PROBLEM STATEMENT: Exactly as they appear below, repeat the lines from the one with "三宅紘平 最優秀ポスター賞 受賞しました!" through the one with "The Tabitha Lace". Drop every picture.

SUPPLIED ENTRIES:
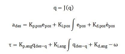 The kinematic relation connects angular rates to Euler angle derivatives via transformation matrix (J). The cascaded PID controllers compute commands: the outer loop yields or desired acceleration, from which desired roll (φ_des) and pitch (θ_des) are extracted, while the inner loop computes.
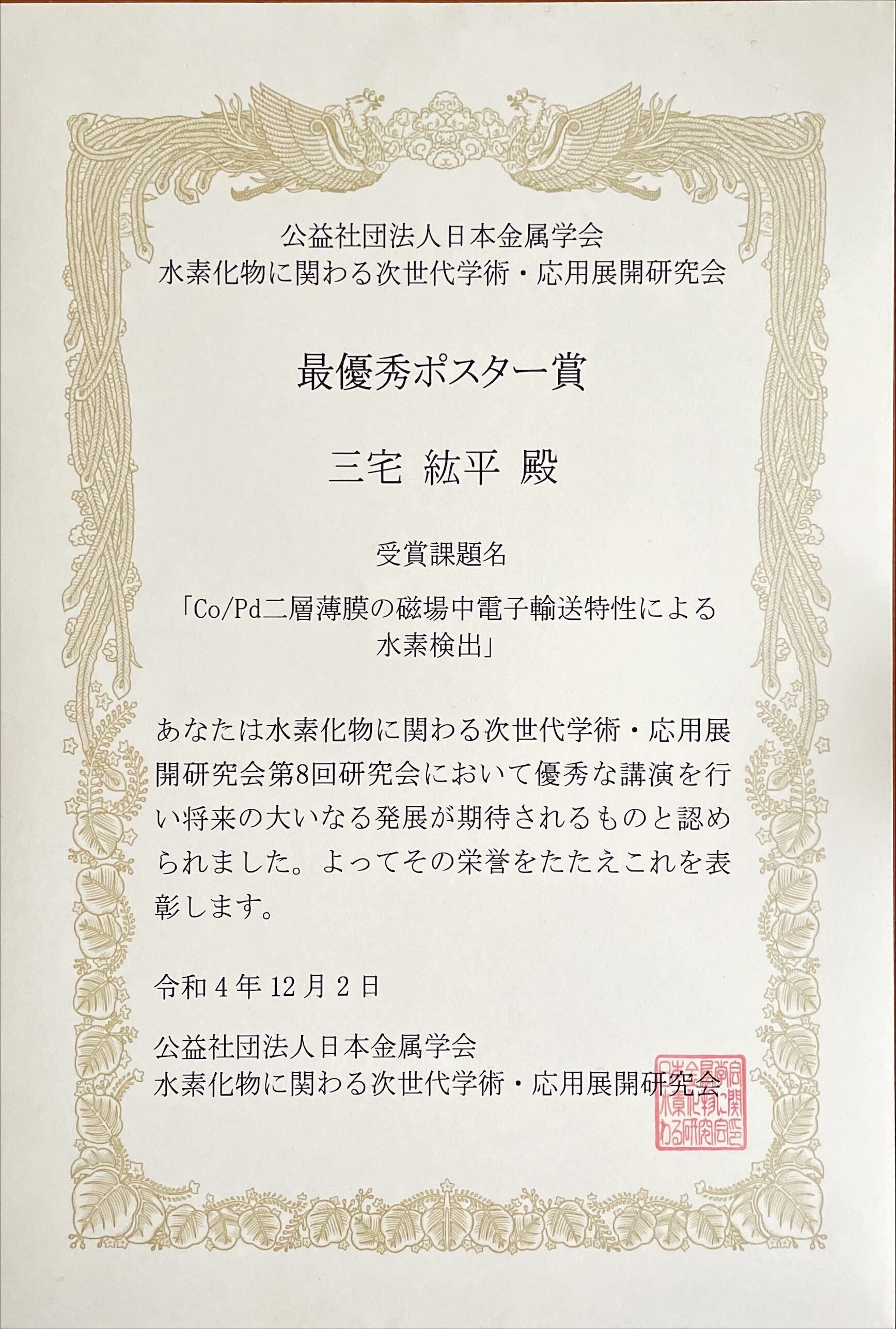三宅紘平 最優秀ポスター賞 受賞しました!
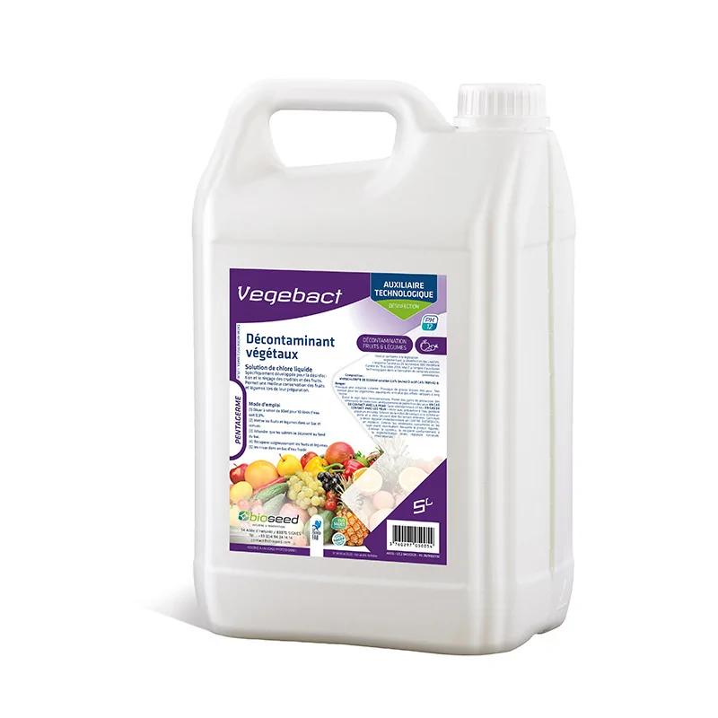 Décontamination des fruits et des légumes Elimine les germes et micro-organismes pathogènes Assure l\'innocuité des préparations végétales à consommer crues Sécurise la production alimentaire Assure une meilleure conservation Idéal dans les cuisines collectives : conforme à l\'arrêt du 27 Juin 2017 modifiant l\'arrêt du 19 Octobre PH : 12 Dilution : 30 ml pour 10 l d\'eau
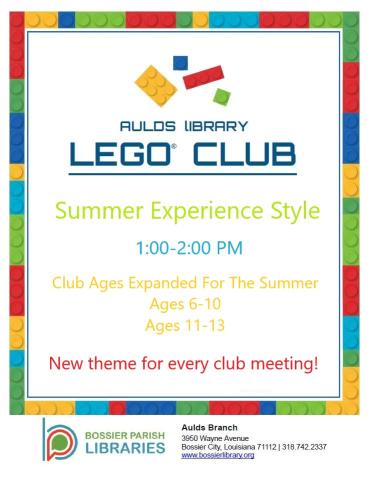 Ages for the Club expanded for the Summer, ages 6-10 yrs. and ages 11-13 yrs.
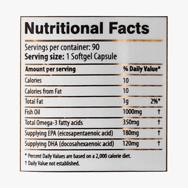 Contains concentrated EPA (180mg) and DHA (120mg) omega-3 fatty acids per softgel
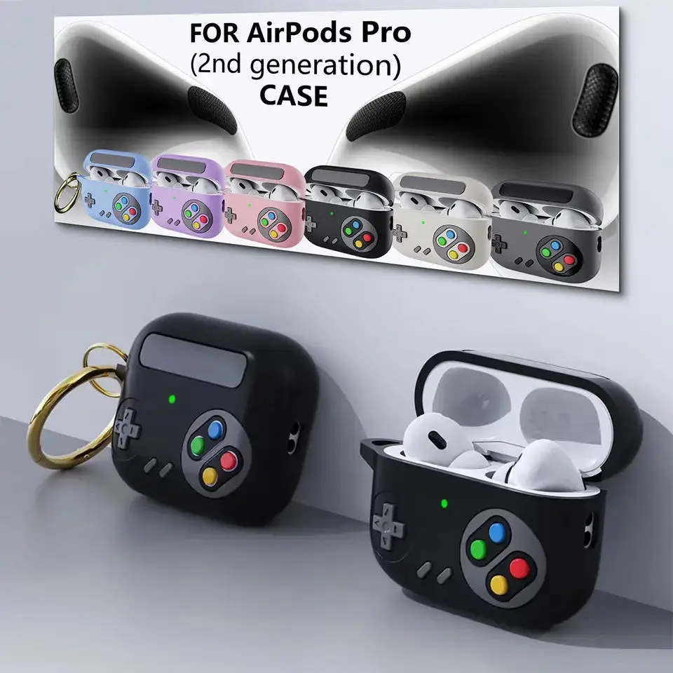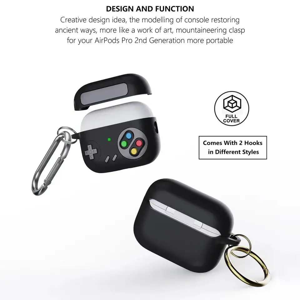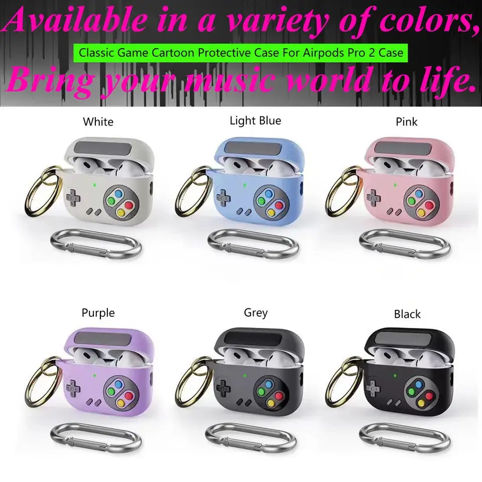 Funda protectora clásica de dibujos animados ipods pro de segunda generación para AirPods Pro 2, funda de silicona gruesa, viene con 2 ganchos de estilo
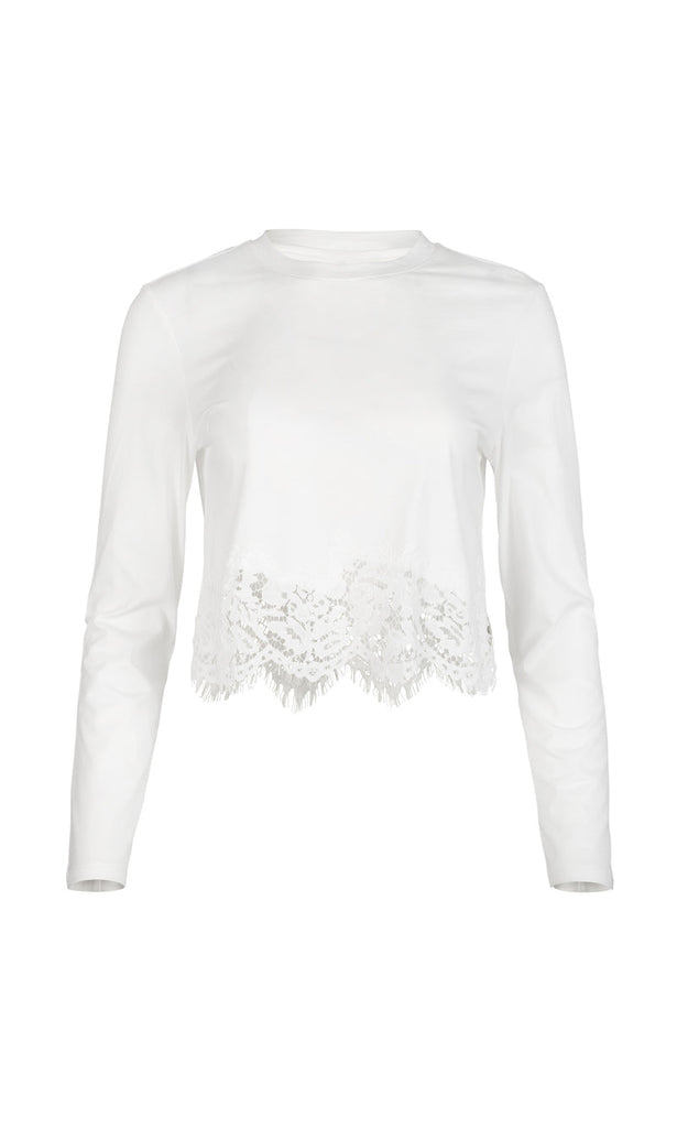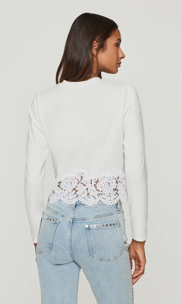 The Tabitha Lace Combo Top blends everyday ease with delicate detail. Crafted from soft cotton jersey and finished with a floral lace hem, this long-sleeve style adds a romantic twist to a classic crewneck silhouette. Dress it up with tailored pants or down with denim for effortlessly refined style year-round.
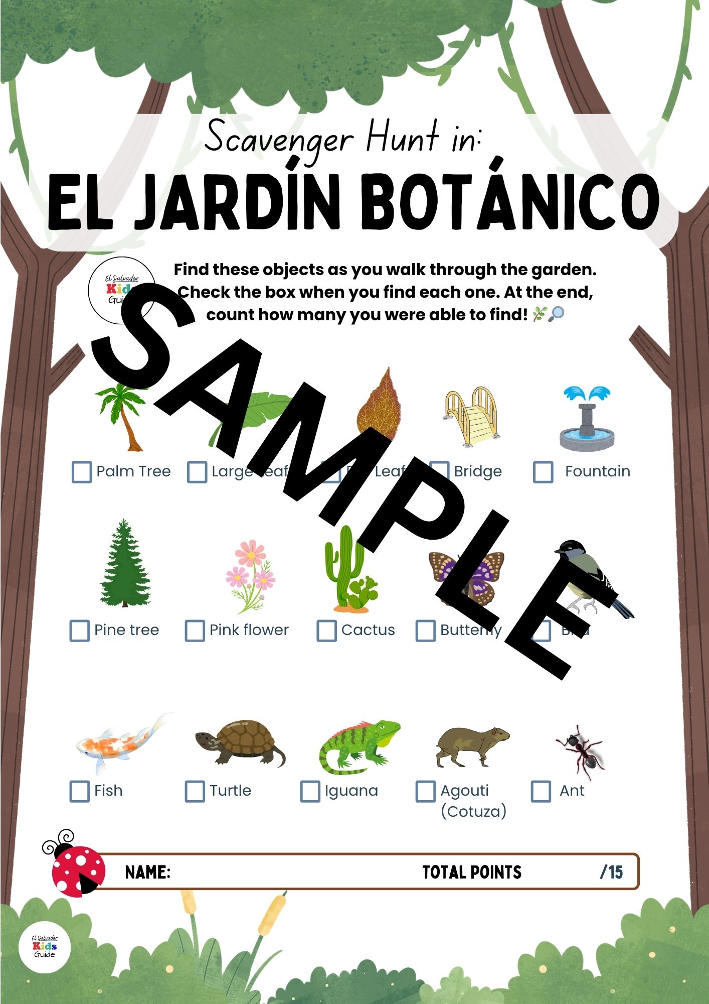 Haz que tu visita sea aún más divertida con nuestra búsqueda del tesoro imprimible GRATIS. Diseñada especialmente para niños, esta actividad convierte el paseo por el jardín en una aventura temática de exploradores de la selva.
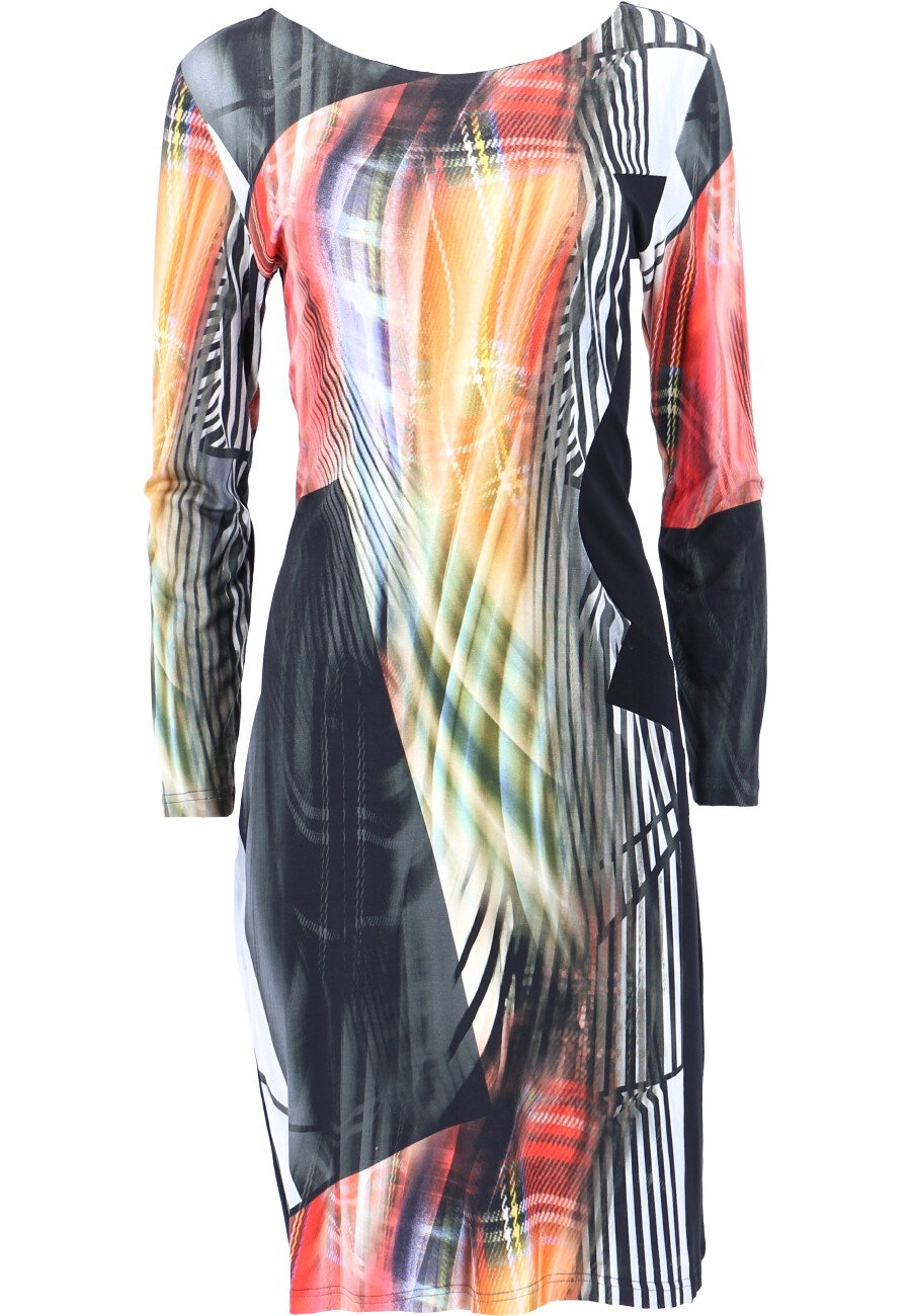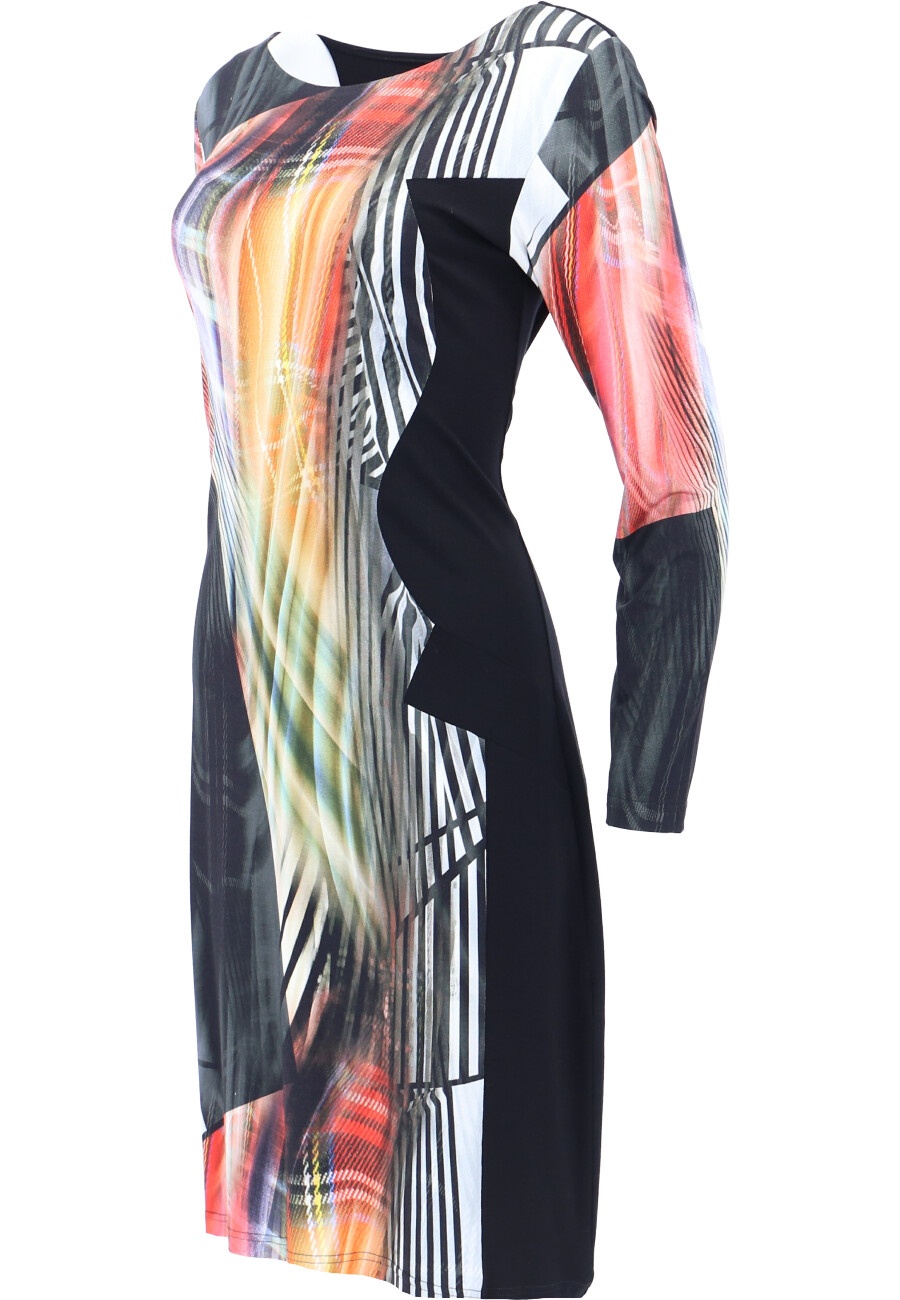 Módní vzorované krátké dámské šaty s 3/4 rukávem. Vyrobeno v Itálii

EXPECTED OUTPUT:
三宅紘平 最優秀ポスター賞 受賞しました!
 Décontamination des fruits et des légumes Elimine les germes et micro-organismes pathogènes Assure l\'innocuité des préparations végétales à consommer crues Sécurise la production alimentaire Assure une meilleure conservation Idéal dans les cuisines collectives : conforme à l\'arrêt du 27 Juin 2017 modifiant l\'arrêt du 19 Octobre PH : 12 Dilution : 30 ml pour 10 l d\'eau
 Ages for the Club expanded for the Summer, ages 6-10 yrs. and ages 11-13 yrs.
 Contains concentrated EPA (180mg) and DHA (120mg) omega-3 fatty acids per softgel
 Funda protectora clásica de dibujos animados ipods pro de segunda generación para AirPods Pro 2, funda de silicona gruesa, viene con 2 ganchos de estilo
 The Tabitha Lace Combo Top blends everyday ease with delicate detail. Crafted from soft cotton jersey and finished with a floral lace hem, this long-sleeve style adds a romantic twist to a classic crewneck silhouette. Dress it up with tailored pants or down with denim for effortlessly refined style year-round.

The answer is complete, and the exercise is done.